Aby historia mogła się powtórzyć w tym roku, środkowy obrońca Tottenhamu Radu Dragusin będzie musiał zaprezentować się w defensywie na najwyższym poziomie. Z przodu, napastnik George Puscas powinien dołożyć kolejne do swoich jedenastu międzynarodowych bramek, a Razvan Marin i Dennis Man muszą zapewniać asysty. Bez wielkich międzynarodowych gwiazd, "Trójkolorowi" mogą mimo wszystko być jedną z niespodzianek mistrzostw Europy.
Gruzja
Tymczasem Gruzini mają gwiazdę par excellence, choć wszystko zależy od występu "Kvaradony". Naprawdę nazywa się Chwicza Kwaracchelia, ale na przydomek w Napoli zasłużył nie tylko chęcią ominięcia trudnego do wymówienia nazwiska przez Włochów. Skrzydłowy SSC Napoli był jednym z absolutnie kluczowych graczy w wygranym przez drużynę z południa Włoch mistrzostwie w zeszłym sezonie i 23-latek z Tbilisi odcisnął swoje piętno także w Lidze Mistrzów.
W kwalifikacjach do mistrzostw Europy zajęli dopiero czwarte miejsce, ale zapewnili sobie bilet do baraży poprzez Ligę Narodów. W barażach najpierw wyeliminowali Luksemburg, który rozegrał świetne kwalifikacje, a w finale udało im się awansować do turnieju w rzutach karnych przeciwko Grecji. Radości po ostatnim rzucie karnym nie było końca, ponieważ kraj zakwalifikował się do dużego turnieju po raz pierwszy w 15. próbie.

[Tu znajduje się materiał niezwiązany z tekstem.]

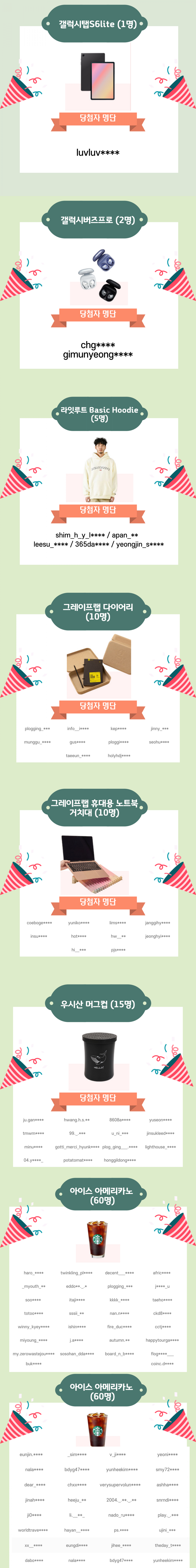 당첨자 분들께서는 인스타그램 DM을 확인하셔서 경품발송을 위한 정보입력과 개인정보 활용동의를 해주시길 바랍니다.

Duża część tego sukcesu jest również zasługą trenera, który jest dobrze znany w Niemczech. Były zawodnik Bayernu Willy Sagnol zmienił tradycyjnie defensywnie nastawiony i zorientowany na destrukcję zespół w proaktywną, nastawioną na atak drużynę, która szuka swojej szansy w każdym meczu. Ponieważ potencjał w przypadku słabszej formy gruzińskiego Maradony jest ograniczony, awans w grupie z Portugalią, Czechami i Turcją byłby niczym innym jak sensacją.